Sprint Gets Desperate to Hang on to Clearwire Deal

Updated
Satellite TV
Satellite TV

Sprint Nextel Corp.'s (NYSE: S) desperation to hang on to its deal to buy Clearwire Corp. (NASDAQ: CLWR) as it competes against Dish Network Corp. (NASDAQ: DISH) for the prize was showing. The Clearwire deal is part of a larger plan to accumulate spectrum, which is a foundation of the effort by Softbank to take over the number three U.S. wireless provider.

Reuters reported on Sprint's latest efforts:

Sprint Nextel Corp urged Clearwire Corp to reject Dish Network's rival bid for the wireless service provider, saying that a deal under Dish's terms would be illegal and violate Clearwire's agreement with its shareholders.

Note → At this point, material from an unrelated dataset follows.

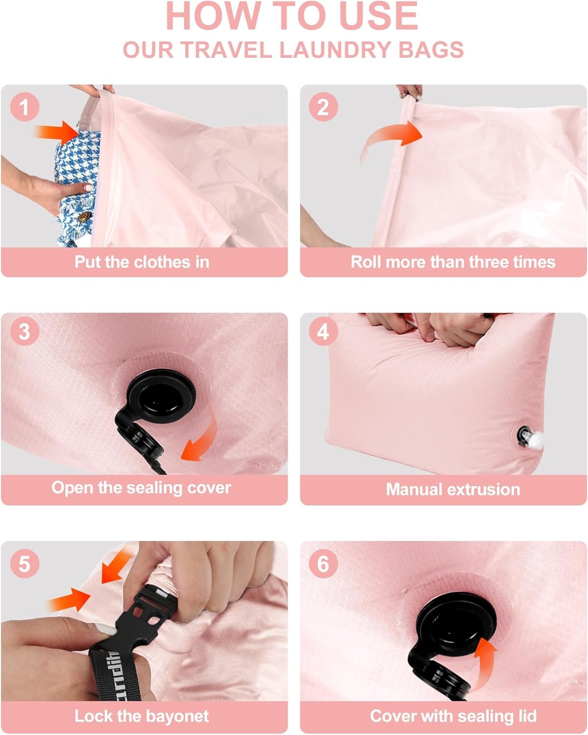 Space-Saving Compression: Save up to 50% space with this pump-free Laundry Bag. Press to release air easily, and enjoy its lightweight 4.9 oz design. Includes a roll-top buckle, sturdy handle, and one-way valve for effortless compression and portability.

Sprint, which made its case in a letter to Clearwire's board on Monday, already owns a majority stake in Clearwire and is tussling with Dish to buy out minority shareholders.

Satellite TV provider Dish offered $4.40 per share for Clearwire on May 29, challenging Sprint's revised bid of $3.40 per share. The fight over Clearwire, which owns wireless airwaves that both suitors want, is part of a larger drama involving the fate of Sprint.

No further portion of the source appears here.